- Putting a node in maintenance
- Clearing maintenance state
- Removing a node from a cluster
- Interrupt node removal
- Checking removal status
Sometimes a node has to be removed from a cluster - either temporarily (e.g., to perform maintenance tasks) or permanently. It is important to do the "removal" gracefully, via provided AIS APIs. In particular, if the node is a storage target, it contains user data that must be rebalanced to remaining clustered nodes.
Two kinds of node removal are supported:
- temporary removal, e.g. for node maintenance. In this case, the node remains in the cluster but it stops responding to client requests. Temporary removal comes in two flavors:
start-maintenance
that keeps the node running, andshutdown
that stops the node; - permanent removal, e.g. node decommission. This operation disables a node and starts moving all its objects to other targets. When rebalance finishes, the primary proxy automatically removes the node from the cluster. On leaving the cluster, the node erases its AIS metadata and optionally deletes all user data.
To take a node out of the cluster temporary while keeping it in the cluster list, put a node under maintenance (CLI):
$ ais cluster membership start-maintenance 59262t8087
Node "59262t8087" is under maintenance
Started rebalance "g1", use 'ais show job xaction g1' to monitor progress
Alternative way is to shut down the node which additionally stops all AIS services on the node after putting it under maintenance:
$ ais cluster membership shutdown 59262t8087
Node "59262t8087" is under maintenance
Started rebalance "g1", use 'ais show job xaction g1' to monitor progress
If the node is a target, after a quick preparation, the cluster starts rebalance. When the rebalance finishes, it is safe to turn the node off.

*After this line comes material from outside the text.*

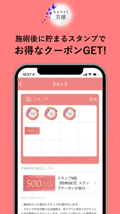 ご来店スタンプをためるとお得なクーポンが発行されます(ご利用条件がある場合がございます)

If the node does not contain any important data, rebalance can be skipped, so the node is safe to switch off in a short time after putting it under maintenance:
$ ais cluster membership start-maintenance 59262t8087 --no-rebalance
Node "59262t8087" is under maintenance
Once a node is put under maintenance, the cluster keeps it in this state until you notify the cluster that the node is ready to use. If the node was shut down, you have to restart or power it on and wait until the node registers at the primary proxy beforehand. After getting the notification, the cluster clears the maintenance state and starts rebalance:
$ ais cluster membership stop-maintenance 59262t8087
Node "59262t8087" maintenance stopped
Started rebalance "g3", use 'ais show job xaction g3' to monitor progress
To skip automatic rebalance, provide flag --no-rebalance
.
It is recommended to keep automatic rebalance running automatically, but in some cases it is safe to skip it:
- all buckets are empty
- maintenance was started with
--no-rebalance
and no object was added or updated during maintenance - objects can be refetched from remote sources. E.g, all buckets are remote AIS, HTTP or Cloud ones. In this case, targets redownload missing objects. That can cost extra money for Cloud traffic
- you are going to stop maintenance for more than 1 node. So, all nodes except the last one are back to the cluster with the flag
--no-rebalance
, and the last node starts the automatic rebalance
To completely remove the node from the cluster, start the node decommissioning (CLI):
$ ais cluster membership decommission 59262t8087
Node "59262t8087" is under maintenance
Started rebalance "g1", use 'ais show job xaction g1' to monitor progress
When the rebalance finishes, the cluster removes the node automatically from the list. On unregistering, the node erases its AIS metadata. Disabling rebalance runs quick preparations and removes the node from the cluster immediately:
$ ais cluster membership decommission --no-rebalance 59262t8087
Node "59262t8087" removed from the cluster
Note that decommission cleans up all AIS metadata and stops the node. The shutdown only stops AIS services. If the node is a target, the node will be shut down after the rebalance has finished. Otherwise, if the node is a proxy, the node will shut down immediately.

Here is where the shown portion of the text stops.